During World War II Cooley began doing jobs for promoter Foreman Phillips, who maintained a circuit of huge ballrooms catering to the thousands of defense industry workers in Los Angeles. Phillips was notorious for firing rejecting any musician who tended toward bandstand improvisation and Cooley’s style fit Phillips bill perfectly. After Phillips chose the fiddler to replace Singing Cowboy star and bandleader Jimmy Wakely at the Venice Pier Ballroom in 1942, Cooley assembled one of the largest Western swing orchestras ever, featuring critical talents like vocalists Tex Williams, Deuce Spriggins and Smokey Rogers, the innovative steel guitarist Joaquin Murphy and Noel Boggs, a former steel man for Bob Wills’ Texas Playboys. Cooley’s band, with its multiple fiddles, guitars and accordion, created a rich, full sound, and his elaborate arrangements of old time fiddle tunes like “The Devil’s Dream” had an almost symphonic sound that was altogether unique.

In 1945, Cooley signed with Columbia subsidiary Okeh Records and his debut release, “Shame on You” rocketed to #1 on the country charts, staying there for over two months. The song—and its flipside “A Pair of Broken Hearts” (which made the Top Ten)— spent an impressive total of 32 weeks on the chart. That year Cooley also married Ella Mae Evans, one of his many fiddlers, and racked up another Top Ten hit, with (an ironically prophetic title), “I’ve Taken All I’m Gonna Take From You.”

Riding high in 1946, Cooley was upgraded from Okeh to the flagship Columbia label itself, and continued to churn out hits. This time it was another double-sided Top Three disc, “Detour” and “You Can’t Break My Heart,” and 1947’s Top Five “Crazy ‘Cause I Love You.” Each of these featured Tex Williams’ wry, warm vocals, but when Williams asked for a raise, the hotheaded Cooley fired him. Williams left, and so did the core of the band, who followed him to Capitol to record the monster taking blues crossover smash “Smoke! Smoke! Smoke! (That Cigarette).”

By this point Cooley was hosting the Foreman Phillips produced Hoffman Hayride television program, broadcast live every Saturday night from KTLA’s Sunset Boulevard Studios. The show was a runaway success—contemporary audience estimates had three quarters of TV sets in the area tuning it in—and Cooley’s profile continued to rise through appearances in half a dozen cowboy flicks, as well as his own musical shorts, “King of Western Swing” and “Spade Cooley & his Orchestra.”
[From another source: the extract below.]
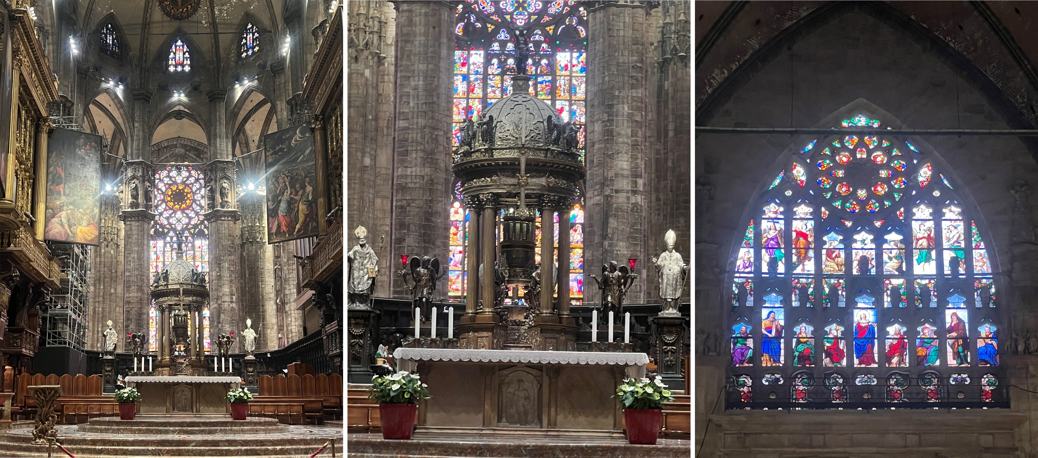 성당 내부는 또 다른 세계였습니다. 스테인드글라스에서 쏟아져 들어오는 빛이 신비로운 분위기를 자아내고, 조용히 기도를 드리는 현지인들과 관광객들이 경건한 시간을 보내고 있었습니다. 두오모의 꼭대기까지 올라가면 밀라노 시내 전경이 한눈에 펼쳐져 사진 찍기에도 완벽한 포인트가 됩니다.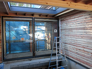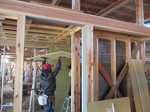 外の軒下にはクリアーの塗装をしている職人さんがいます。

But by the mid-’50s, Cooley suffered a series of heart attacks which necessarily curtailed his activities and the fiddler, and he began spending more and more time on his ranch in a remote part of Kern County. Cooley became psychotically insecure and insanely jealous of wife Ella Mae and, on April 3, 1961, a drunken Cooley finally lost control and not only beat his wife to death, he made point a to do so in front of their 14-year-old daughter. Convicted on her testimony, he was incarcerated, but in 1969 was allowed to perform at Sheriff’s benefit concert in Oakland, California. He won a standing ovation from the crowd, walked offstage, suffered a massive heart attack and dropped dead.